«Il ne sait pas ce qu'il dit, pensa-t-elle. Il n'attache pas à ces mots le sens qui me fait tant de mal. Ce n'est pas possible. Il souffre lui-même et tranche ainsi violemment pour achever l'exécution plus vite.»

Elle l'excusait intérieurement. Ce fut sa tactique involontaire longtemps encore. S'il avait fallu le mépriser, à quel degré de souffrance n'aurait-elle pas été soumise!

—Laisse la femme de côté, reprit-elle. C'est de l'enfant que je parlais.

—L'enfant!... Mais que nous soyons mariés ou non, nous ne l'en aimerons pas moins.

—Il n'aura ni père ni mère.

—Ah çà!.. où prends-tu cette monstruosité? Imagines-tu qu'il faille abandonner son enfant parce qu'on ne se marie pas? Il aura un père qui l'aimera beaucoup et la plus gentille petite maman du monde.

—Encore une question, Lionel. As-tu dit à tes parents que tu as donné ta parole?
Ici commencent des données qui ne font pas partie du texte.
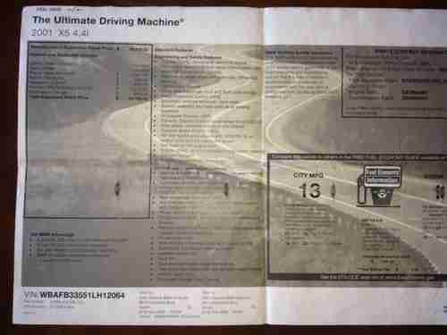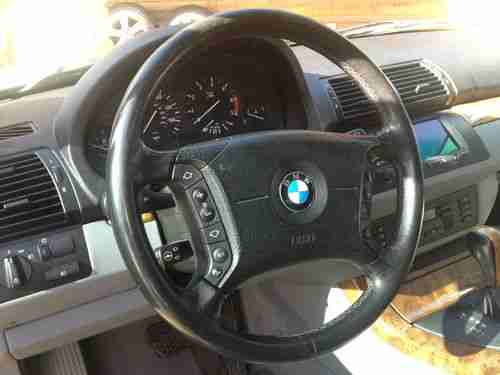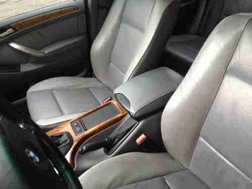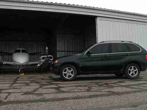 This is a 2001 Oxford Green Metallic BMW X5 with gray leather. Options include: Power glass moonroof (works fine), Xenon Headlights, Navigation System with disks, Premium Sound System W/DSP (multi disk player in the back). Cassette player in the dash allows adapter for playing ipod, etc... Beautiful paint, always garaged (or hangered). Leather, carpet and all interior panels are in great shape. Beautiful wood. Dash is like new. Maybe a couple of very small nicks on the front. Comes with a set of rubber all season BMW mats and the factory carpet mats. Full size spare, tool kit, jack.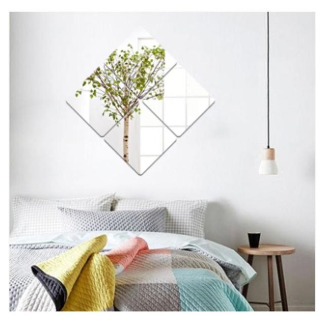 スクエアカット ミラー 鏡 どこでも貼れる 割れない 全身鏡 4枚セット ケガ防止 姿見鏡 二次災害防止 穴あけ不要 飛散防止 30×30cm ケガ防止 貼付け 軽量 省スペース 直角 鏡 丸角 ラウンドカット 歪み軽減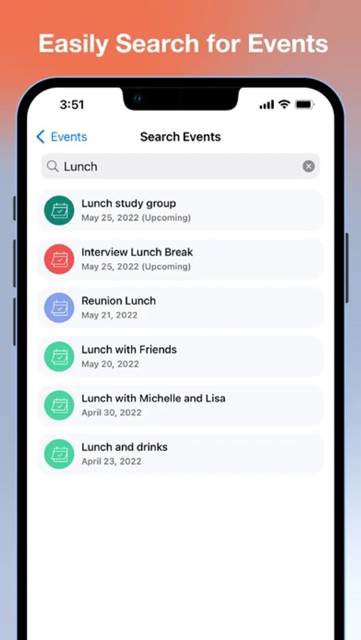 Stay on top of your tasks and accomplish every goal! Easily search for events and tasks.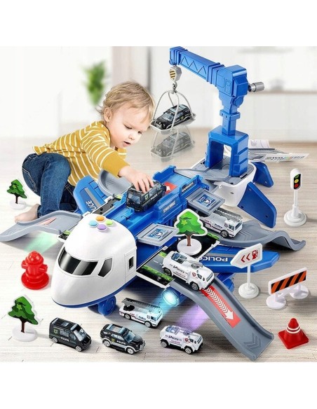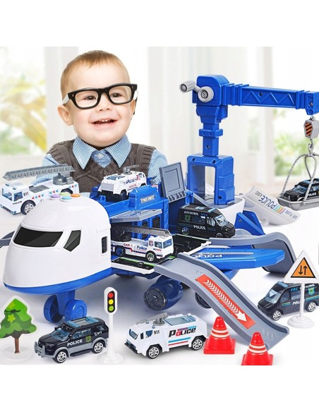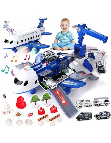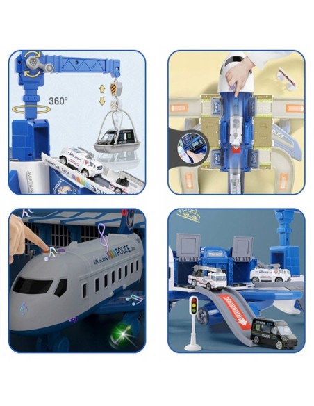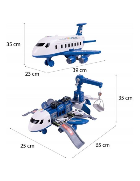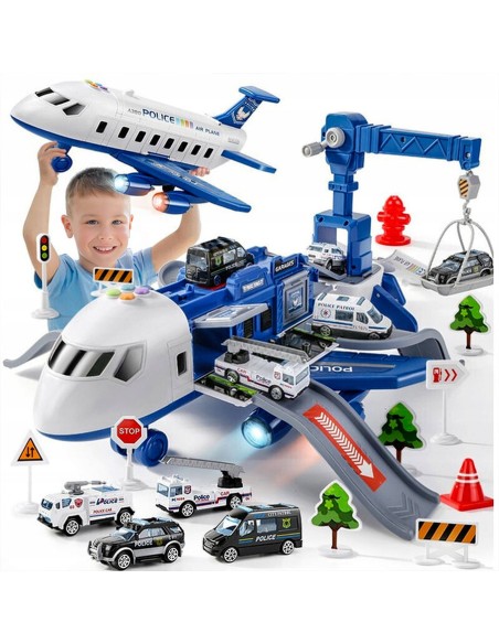 Didžiulis sulankstomas policijos lėktuvas su kranu ir automobilių stovėjimo aikštele - puiki dovana Jūsų vaikui! Lavina motorinius įgūdžius, kūrybiškumą ir socialinius įgūdžius.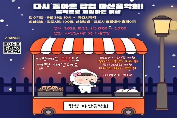 <사진설명=팝업 마산음악회 홍보이미지>[사진출처=김포시]김포 마산도서관이 오는 10월부터 특별기획 시리즈 ‘위기를 극복하는 힘’을 선보인다. 이번 시리즈는 가족, 자기탐색, 연대라는 세

—Ma parole à qui? de quoi?

—Ta parole à moi... de m'épouser.

—Tu plaisantes, ma chère. Cette parole m'engageait dans la limite du possible seulement. Au lieu de la retourner maintenant contre moi, tu dois la considérer comme une grande preuve d'amour, puisqu'à un moment donné, j'ai été disposé à faire de toi ma femme, malgré toutes les difficultés que je prévoyais. Ces difficultés ont été plus grandes que je ne pouvais m'y attendre. Elles se sont compliquées davantage encore. Il n'y a vraiment pas de ma faute. Ma parole ne t'a rien fait faire de plus ni de moins, puisque tu t'étais déjà donnée à moi. Ne gâte donc pas par des sophismes et des reproches la beauté de ton dévoûment.